The National Childhood Vaccine Injury Act of 1986 mandated that all health care providers report certain adverse events that occur following vaccination. As a result, the Vaccine Adverse Events Reporting System (VAERS) was established by the FDA and the Centers for Disease Control and Prevention (CDC) in 1990. VAERS provides a mechanism for the collection and analysis of adverse events associated with vaccines currently licensed in the United States. Adverse events are defined as health effects that occur after immunization that may or may not be related to the vaccine. VAERS data are continually monitored in order to detect previously unknown adverse events or increases in known adverse events.1,9

Approximately 10,000-12,000 VAERS reports are filed annually, with 20% classified as serious (causing disability, hospitalization, life threatening illness or death).1 Anyone can file a VAERS report including health care providers, manufacturers, vaccine recipients or, when appropriate, parents/guardians. Those who have experienced an adverse reaction following immunization are encouraged to seek help from a health care professional when filling out the form. VAERS forms can be obtained in several ways. Each year the form is mailed to more than 200,000 physicians specializing in pediatrics, family practice, internal medicine, infectious diseases, emergency medicine, obstetrics and gynecology. In addition, copies are sent to health departments and clinics that administer vaccines. The VAERS form requests the following information: the type of vaccine received, the timing of vaccination, the onset of the adverse event, current illnesses or medication, past history of adverse events following vaccination and demographic information about the recipient (age, gender, etc.). The form is pre-addressed and stamped so it can be mailed directly to VAERS. To request a VAERS form or assistance in filling in out, call 1-800-822-7967.1,9

A contractor, under the supervision of FDA and CDC, collects the information and enters it into a database. Those reporting an adverse event to VAERS receive a confirmation letter by mail indicating that the form was received. This letter will contain a VAERS identification number. Additional information may be submitted to VAERS using the assigned identification number. Selected cases of serious adverse reactions are followed up at 60 days and one year post-vaccination to check the recovery status of the patient. The FDA and CDC have access to VAERS data and use this information to monitor vaccine safety and conduct appropriate research studies. VAERS data (minus any personal information) is also available to the public. 1,9

While VAERS provides useful information on vaccine safety, the data are somewhat limited.

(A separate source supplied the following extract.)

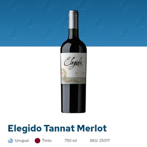 Elegido Tannat Merlot Apresenta aromas de frutas vermelhas muito maduras. Em boca é seco, possui boa acidez, corpo médio, taninos macios e final harmônico. FICHA TÉCNICA: Classificação: Seco Região: Canelones / Uruguai Temperatura: 16 a 18ºC Teor Alcoólico: 12% Uvas: Tannat, Merlot Volume: 750 ml ANÁLISE SENSORIAL: Visual: Vermelho intenso Olfativo: Apresenta aromas de frutas vermelhas muito maduras. Gustativo: Em boca é seco, possui boa acidez, corpo médio, taninos macios e final harmônico. Harmonização: Acompanha carnes vermelhas, churrasco e massas com molhos de carnes.

Specifically, judgments about causality (whether the vaccine was truly responsible for an adverse event) cannot be made from VAERS reports because of incomplete information. VAERS reports often lack important information such as laboratory results. As a result, researchers have turned more recently to large-linked databases (LLDBs) in order to study vaccine safety.  LLDBs provide scientists with access to the complete medical records of millions of individuals receiving vaccines (all identifying information is deleted to protect the confidentiality of the patient). One example of a LLDB is the Vaccine Safety Datalink (VSD) project described below, which is coordinated by the CDC.   Studies conducted using LLDBs, like the VSD, are also known as post-marketing research or phase four clinical trials. 1

Understanding Vaccine Safety Information from VAERS

The April 2004 issue of the "Pediatric Infectious Diseases
Journal" (23[4]:287-294) featured an article that explains the
defined objectives of the Vaccine Adverse Events Reporting
System (VAERS), as well as its strengths and limitations.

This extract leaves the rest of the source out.